Softbank Group Corp, a leading shareholder in the holding company of US office-sharing start-up WeWork, has urged it to shelve a planned initial public offering (IPO) on concerns over the valuation, the Financial Times reported on Monday.
A Softbank spokeswoman declined to comment on the report, which cited sources familiar with the matter.
Investor skepticism has already forced money-losing The We Company to consider slashing its IPO valuation to a little more than US$20 billion, sources said last week.
That followed weak initial trading at other start-ups, including Softbank-backed Uber Technologies Inc.

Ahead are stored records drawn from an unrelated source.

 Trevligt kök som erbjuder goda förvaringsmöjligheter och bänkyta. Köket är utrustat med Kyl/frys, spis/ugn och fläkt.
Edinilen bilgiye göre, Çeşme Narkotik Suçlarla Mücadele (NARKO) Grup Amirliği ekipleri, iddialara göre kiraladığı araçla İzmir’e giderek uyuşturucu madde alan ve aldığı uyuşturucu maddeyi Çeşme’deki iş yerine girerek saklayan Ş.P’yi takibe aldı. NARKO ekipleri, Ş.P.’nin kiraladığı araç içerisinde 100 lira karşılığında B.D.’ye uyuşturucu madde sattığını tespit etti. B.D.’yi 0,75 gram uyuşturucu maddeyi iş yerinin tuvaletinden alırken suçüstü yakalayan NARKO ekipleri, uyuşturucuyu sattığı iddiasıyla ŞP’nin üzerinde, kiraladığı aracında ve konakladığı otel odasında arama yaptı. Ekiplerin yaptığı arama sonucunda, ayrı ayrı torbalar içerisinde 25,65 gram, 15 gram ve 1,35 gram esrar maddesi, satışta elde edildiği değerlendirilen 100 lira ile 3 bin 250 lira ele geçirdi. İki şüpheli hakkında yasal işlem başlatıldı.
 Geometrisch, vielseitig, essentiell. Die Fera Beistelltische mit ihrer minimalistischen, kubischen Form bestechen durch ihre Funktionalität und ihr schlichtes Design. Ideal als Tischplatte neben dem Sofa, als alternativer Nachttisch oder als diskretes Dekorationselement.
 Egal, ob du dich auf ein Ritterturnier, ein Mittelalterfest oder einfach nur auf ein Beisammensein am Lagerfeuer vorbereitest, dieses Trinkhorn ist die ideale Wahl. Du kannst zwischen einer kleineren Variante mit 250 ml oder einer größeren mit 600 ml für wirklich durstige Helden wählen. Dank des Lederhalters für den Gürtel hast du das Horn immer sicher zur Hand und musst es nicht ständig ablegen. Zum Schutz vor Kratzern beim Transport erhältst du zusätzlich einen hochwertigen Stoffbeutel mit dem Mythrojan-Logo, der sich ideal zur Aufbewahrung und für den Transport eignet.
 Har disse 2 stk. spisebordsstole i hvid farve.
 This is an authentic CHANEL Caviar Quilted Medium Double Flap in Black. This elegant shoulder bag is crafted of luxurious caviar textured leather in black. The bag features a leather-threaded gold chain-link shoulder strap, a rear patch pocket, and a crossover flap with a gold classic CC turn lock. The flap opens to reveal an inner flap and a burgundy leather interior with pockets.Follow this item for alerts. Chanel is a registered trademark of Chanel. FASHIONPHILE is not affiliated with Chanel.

While Softbank and its US$100 billion Vision Fund emphasize their long-term investing credentials, founder and CEO Masayoshi Son has set out an ambitious IPO pipeline for tech investments spanning ride-hailing, fintech and health start-ups.
Putting The We Company’s offering on hold would disrupt that schedule at a time when Softbank is seeking funds from investors for a second Vision Fund.
Softbank made a followup investment in We Company, one of its biggest tech bets, at a US$47 billion valuation earlier this year — a number widely treated with skepticism by analysts.
Sanford C. Bernstein analyst Chris Lane said that if The We Company halts the IPO, Softbank could come up with an alternative funding plan for the start-up, which he estimates needs US$9 billion in funding to become cash-flow positive.
Tech conglomerate Softbank has burned through much of the US$100 billion raised by its first Vision Fund in just two years, recording big paper gains on internal revaluations of its tech investments.
At the end of June the fund recorded the value of US$71 billion invested in 83 investments as having grown by US$20 billion. Since then the share price of portfolio companies Uber and Slack Technologies Inc have both fallen by about one-third.
Softbank said that many investments receive a vote of confidence as third parties come in as coinvestors or by making follow-on investments at the same or higher valuations.
In the case of The We Company’s US$47 billion valuation, if a tech company shelves an IPO due to a lower valuation than expected, investors are generally expected to take that fall into account when appraising their stakes.